The Federal courts and appellate and trial courts of several of our sister States have rendered persuasive decisions in regard to matters similar to that presently before this court.

The fact that the lessee is required to maintain insurance coverage upon leased equipment indicates that the transaction is a secured transaction and not a true lease. (Matter of Tillery, 571 F2d 1361.)

Where the lessor was not in the business of leasing the equipment in question and merely purchased the equipment desired by the lessee, the nature of the transaction indicates that the lease was actually a secured transaction. (Citizens & Southern Equip. Leasing v Atlanta Fed. Sav. & Loan Assn., 144 Ga App 800.)

The fact that the rentals required to be paid by the lessee exceed the purchase price is an indication that the transaction is a sale and that the lease creates a security interest. (National Equip.
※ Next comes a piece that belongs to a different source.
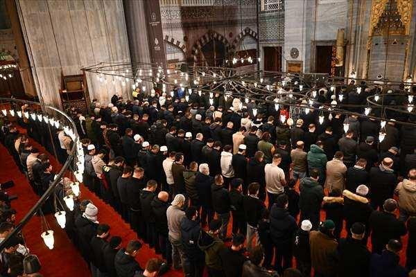 Eyüp Sultan Camisi'nde düzenlenen kandil programı yağışlı havaya rağmen vatandaşlardan yoğun ilgi gördü.

Rental v Priority Electronics Corp., 435 F Supp 236.)

A provision for the sale of the leased property upon default and the liability of the lessee for any deficiency in the total *744rent in excess of the sale proceeds indicates that the transaction is a secured transaction. (American Lease Plans v Cardin, 558 SW2d 325 [Mo].)
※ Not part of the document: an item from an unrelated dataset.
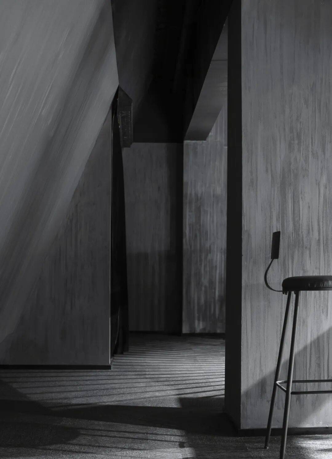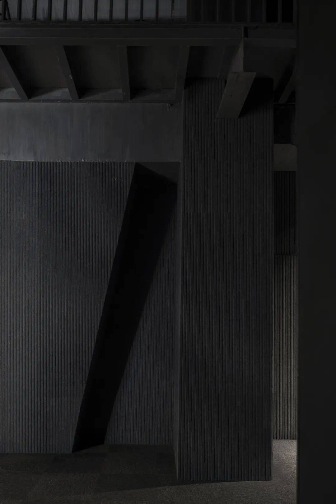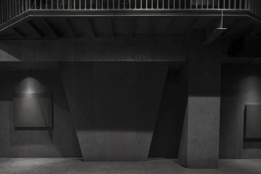 一层墨色山影连绵,一侧设有售票处与吧台,另一侧则为化妆间;二楼设有监控室,并通过北侧外部楼梯联通屋顶。对旧混凝土结构、新夹层及装饰层分别采用不同处理方式,强化了新旧对比:粗犷与细腻在此交织,机电、舞台装置与灯光布局也经过精心整合,尽量保证夹层的净高。

The conclusion is inescapable that the lease created a security interest when the entire balance would be accelerated upon default and the lessee would be liable for any deficiency on the sale of the property. (Computer Sciences Corp. v Sci-Tek Inc., 367 A2d 658 [Del].)

The plaintiff by exercising its option to sell the equipment pursuant to paragraph 11 of the lease has brought the transaction within the purview of subdivision (3) of section 9-504 of the Uniform Commercial Code. It has placed the defendant in that class of debtors which the Legislature sought to protect by its enactment of the statute. In view of the facts presented the court finds that it was the intent of the parties to enter into a security transaction and that the commercial reasonableness provision of subdivision (3) of section 9-504 of the Uniform Commercial Code is applicable.

The court finds that the marked discrepancy in the conceded value of the machine ($17,500), and the sale price raises a serious question as to the commercial reasonableness of the sale. The court finds that this issue must be resolved in favor of the defendant. The court further finds that the method and manner in which the disposition of the machine was made is at the least questionable.

An auctioneer may in the exercise of his discretion refuse to accept a bid when it would constitute a virtual sacrifice of the property to accept such bid. He could either adjourn the auction or withdraw the property. (Ann. 37 ALR2d 1049, 1051.)

An auctioneer has a right and duty to withdraw property that is about to be sacrificed at a grossly inadequate price. (Bean v Kirkpatrick, 105 Ga 476.) He has the right to refuse to accept a bid which is a trifling advance where the sum offered is incommensurate with the actual known value of the property. (Taylor v Harnett, 26 Misc 362.)

Weighing all of the facts and circumstances attendant to the transaction herein, the court finds that the plaintiff has failed to sustain its burden of proving that every aspect of the disposition of the machine in question was commercially reasonable, as required by section 9-504 of the Uniform Commercial Code. In the absence of such proof the court is *745compelled to deny recovery in a suit for a deficiency judgment. (Central Budget Corp. v Garrett, 48 AD2d 825, supra.)

Accordingly, the complaint is dismissed.